Me quedé inmóvil por un instante. No sé qué me pasó.
Papá me miró y yo le sonreí.
—También te ves hermosa, hija mía —dijo con voz dulce, mientras acariciaba mi mejilla. Lo sentí como una caricia directa al corazón.
—Gracias, papá. Tú también te ves muy bien.
—¿No te gustaron las medias que te compré en Montenegro? —preguntó—. La dependienta dijo que hacían juego con el vestido.
Mordí mi labio inferior antes de responder.
—Mamá dice que soy muy pequeña para usarlas.
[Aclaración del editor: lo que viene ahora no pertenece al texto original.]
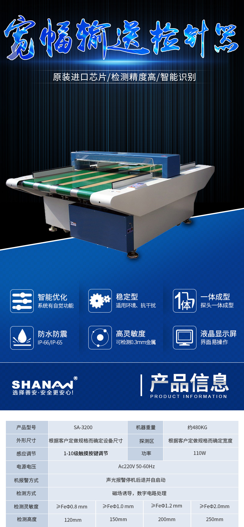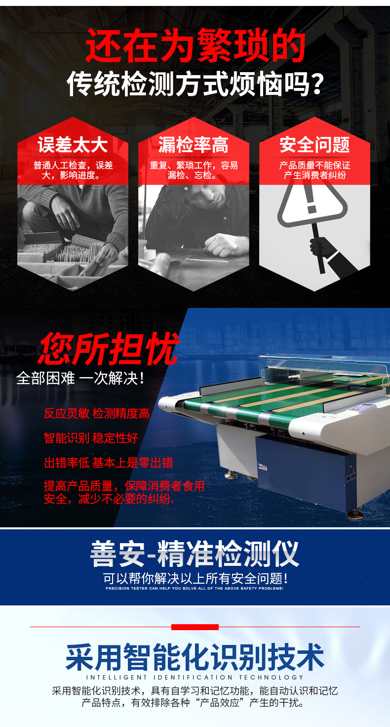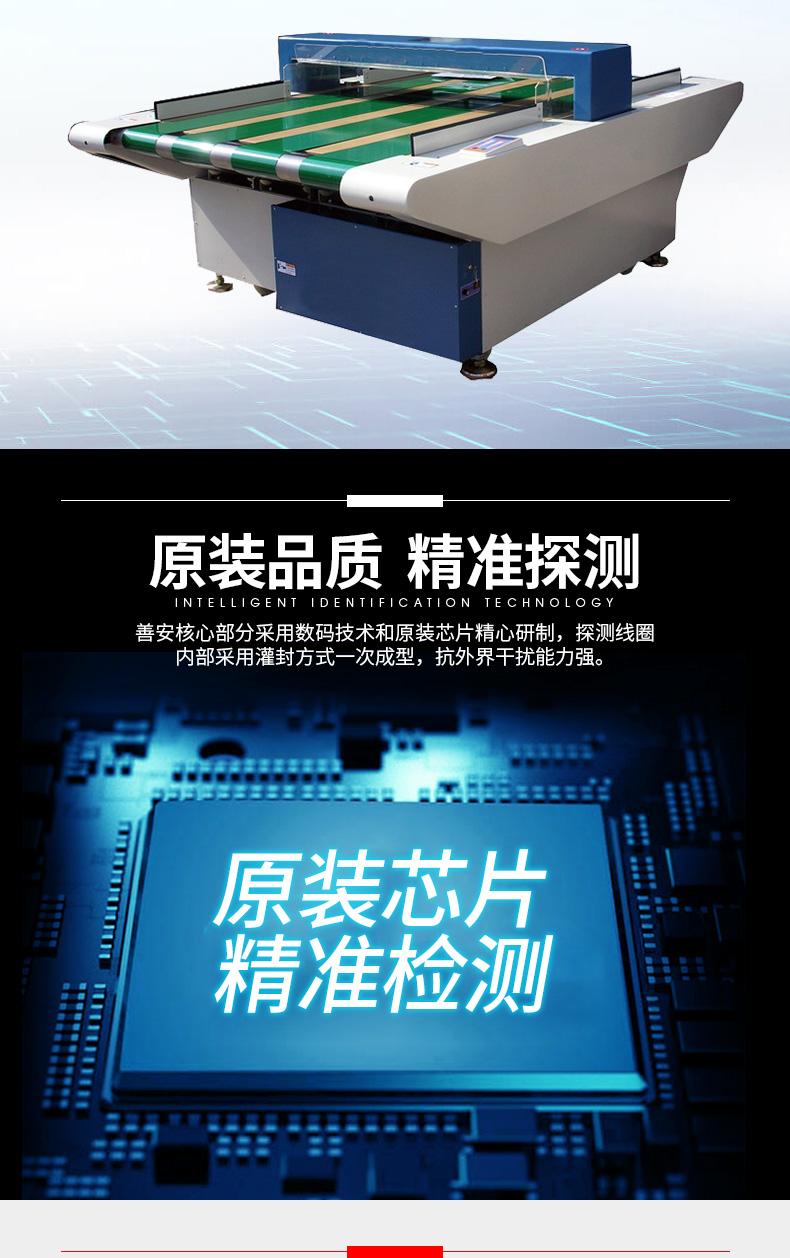 適用于床上用品、玩具、服裝、制鞋、化工、皮革、針織、印刷等行業檢測產品或原料在生產過程中混入的金屬雜質。如:鐵、非磁性金屬物品(金、銀、銅、鋁、不銹鋼等有色金屬都可以檢測出),提高產品安全系數,減少危害。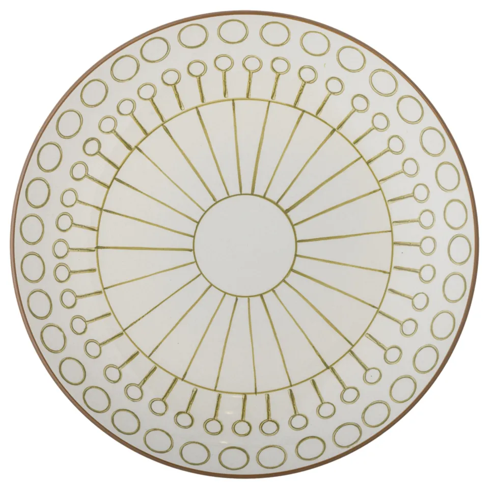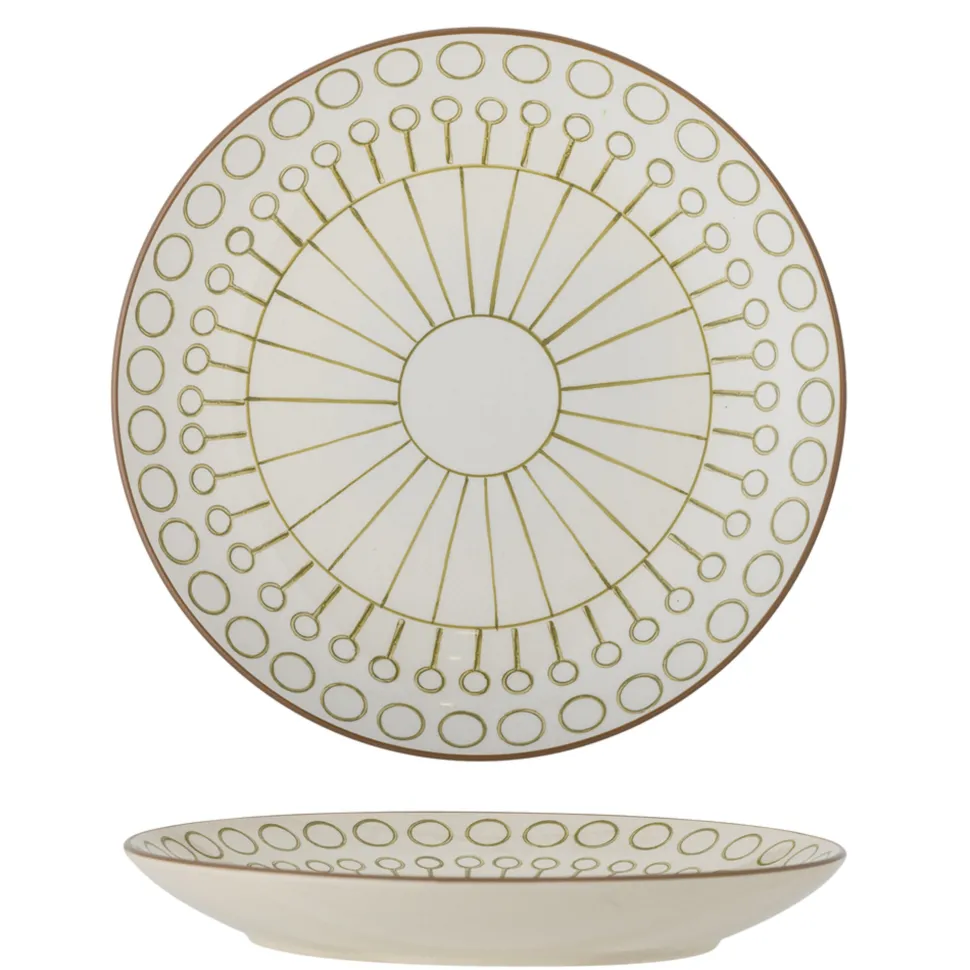 Maple Teller, Grün, Steingut von Bloomingville aus Dänemark. Der Maple Teller von Creative Collection ist ein eleganter Steingutteller, verziert mit einem modernen und geometrischen Muster in warmen gelben und goldenen Tönen. Das schlichte, aber auffällige Muster verleiht Ihrer Tischdekoration eine einzigartige Note, ideal für eine schöne und persönliche Präsentation.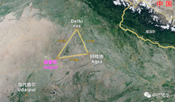 (德里-阿格拉-斋普尔“金三角旅游路线”地理示意图)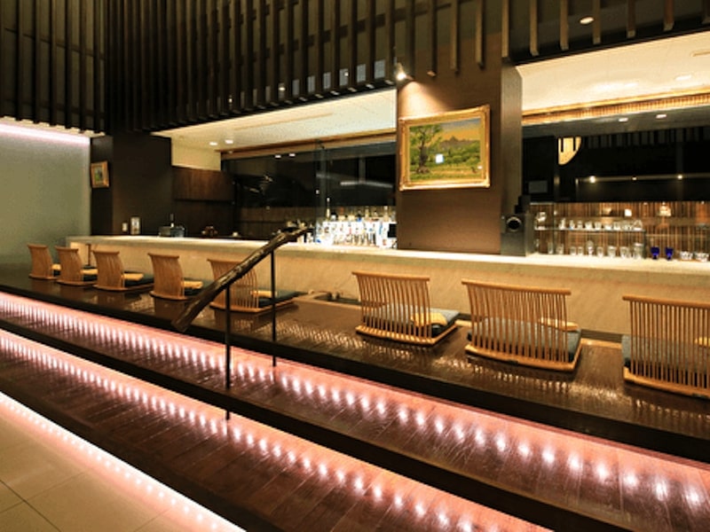 入り口を抜けると天井が吹き抜けになったロビーに設えた足湯カフェ&バーなどがあります。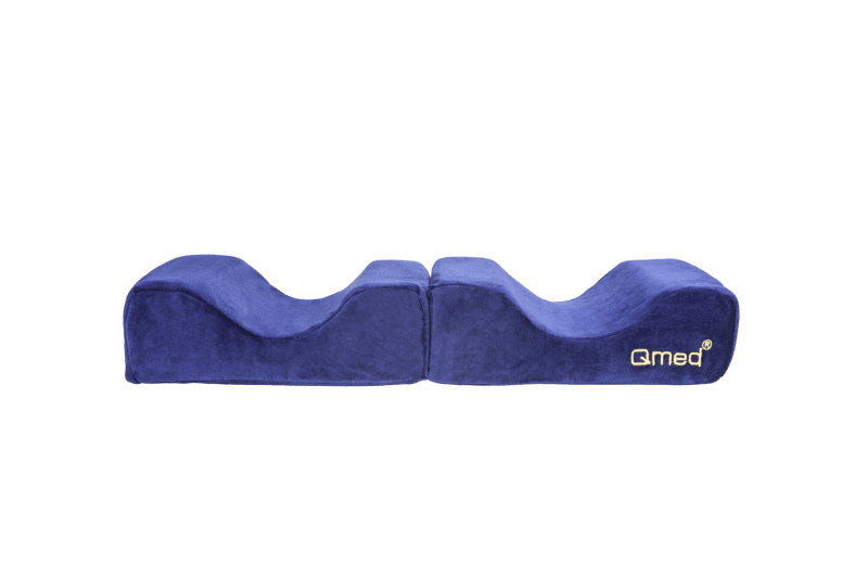 W pozycji rozłożonej poduszka pełni funkcję podpórki dla dolnej części nóg, wspomagając właściwe pozycjonowanie pacjenta w warunkach domowych lub szpitalnych. Może być z powodzeniem wykorzystywana w profilaktyce przeciwodleżynowej, szczególnie u osób unieruchomionych lub obłożnie chorych. Dzięki temu, że pianka z pamięcią kształtu reaguje na temperaturę ciała, poduszka zapewnia indywidualne dopasowanie do użytkownika, a jej używanie nie powoduje uczucia ucisku czy dyskomfortu. Ergonomiczny kształt oraz kompaktowy rozmiar sprawiają, że Qmed Knee&Leg Spacer łatwo dopasowuje się do różnych pozycji ciała, niezależnie od postury.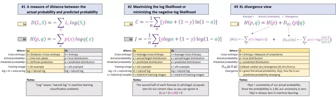 CNN 最常用的损失函数是交叉熵损失函数。在 Google 上搜索交叉熵会出现很多希腊字母的解释,很容易混淆。尽管描述各不相同,但它们在机器学习的背景下都是相同的,我们将覆盖下面最常见的3个。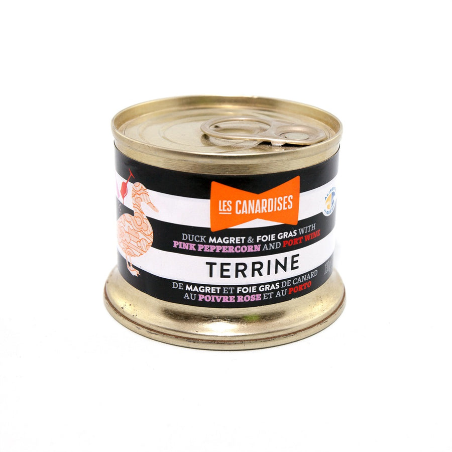 La Terrine de Canard et Foie Gras au Poivre Rose & Porto - Canardises (150 g) est une délicieuse préparation qui combine l'onctuosité du foie gras de canard avec les saveurs subtiles et légèrement épicées du poivre rose, relevées par la douceur du Porto. Un mariage de saveurs parfait pour une entrée raffinée ou un apéritif gastronomique.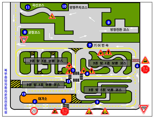 - 출발코스, 굴절코스, 곡선코스, 방향전환코스, 평행주차코스, 기어변속코스, 교통신호가 있는 십자형 교차로코스, 횡단보도코스, 철길건널목코스, 경사로코스, 종료코스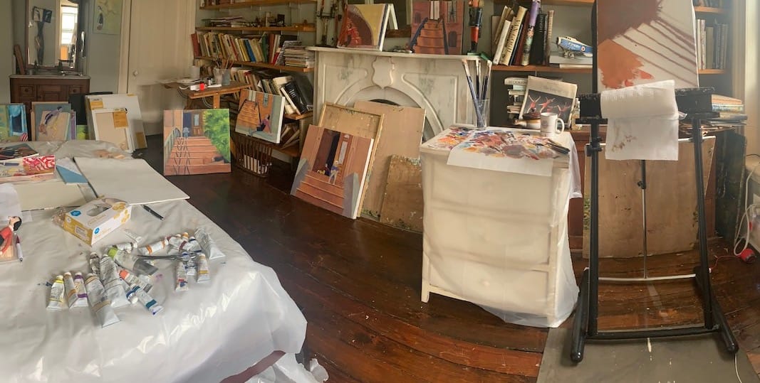 Being sequestered at home in Brooklyn has changed my routine as well as my subject matter. Because I am in the vulnerable group I have stayed home; because of this, I make sure to do a yoga routine every day first thing in the morning. Previously, I took daily walks of at least three miles, but these are no longer happening. Neither are commutes to my lovely studio in Soho where I have been working for more than 20 years. Instead, I have repurposed a guest room (which we are very lucky to have) into a studio by covering everything with plastic tarps. The bed has become a surface for supplies and pieces that are drying. A side table with drawers for guests’ belongings now serves as a palette table. I am taking inspiration from domestic surroundings, my environment inside and out. Brownstone details combined with figurative suggestions are a comfort for me right now. Smaller formats work for these personal pieces.

Él esbozó una sonrisa, como si guardara un pensamiento solo para él.
—Tu madre y su afán porque sigas siendo una niña... Pero ya eres una jovencita. El próximo año cumplirás dieciséis.
Asentí con orgullo. Papá era la única persona en esta casa que me trataba como a alguien normal, como a alguien que está creciendo.
—Sí. Y también ya decidí qué quiero hacer después del bachillerato.
—¿De verdad?
Volví a asentir, esbozando una sonrisa cargada de ilusión.
—Quiero estudiar contabilidad, para ayudarte a administrar el rancho.
—¿Quieres vivir aquí para siempre?
—Sí, papá. Me gusta estar aquí.
—Me parecen muy bien tus planes, Christa. Sé el amor profundo que le tienes a este lugar, y eso me reconforta. Greta ni siquiera quiso terminar el bachillerato, a Fred no le gustan las actividades del campo… Solo me quedas tú para que este rancho siga siendo lo que ha sido hasta hoy.
—No te preocupes, papá. Amo estas tierras casi tanto como tú. No importa si mis hermanos no quieren trabajar aquí, yo lo haré.
Mi padre sonrió, complacido con mi respuesta.
—Pero antes, me gustaría que salieras a conocer el mundo.
No entendí del todo a qué se refería.
—Tú no eres como las demás jovencitas, lo he visto en tus ojos. Eres curiosa e inteligente, Christa. Puedes conseguir todo lo que te propongas, si de verdad lo deseas.
En ese momento, mamá entró de nuevo.
—¡Ya vámonos, que se hace tarde!
Papá me sonrió con complicidad. Caminamos junto a mamá hacia las camionetas que ya nos estaban esperando. Greta, mamá, Esther y mi abuela se subieron con Fred en una de ellas. Papá y yo fuimos en la otra.
Durante el camino, platicamos de muchas cosas, incluyendo eso que había mencionado sobre conocer el mundo. Me dijo que, al terminar el bachillerato, me matricularía en la FCA, la Facultad de Contabilidad de la Universidad de La Capital.
Sentí un nudo en el estómago. Era una mezcla de nervios y emoción. Sería la primera vez que saldría del rancho, más allá de los caminos de Montenegro.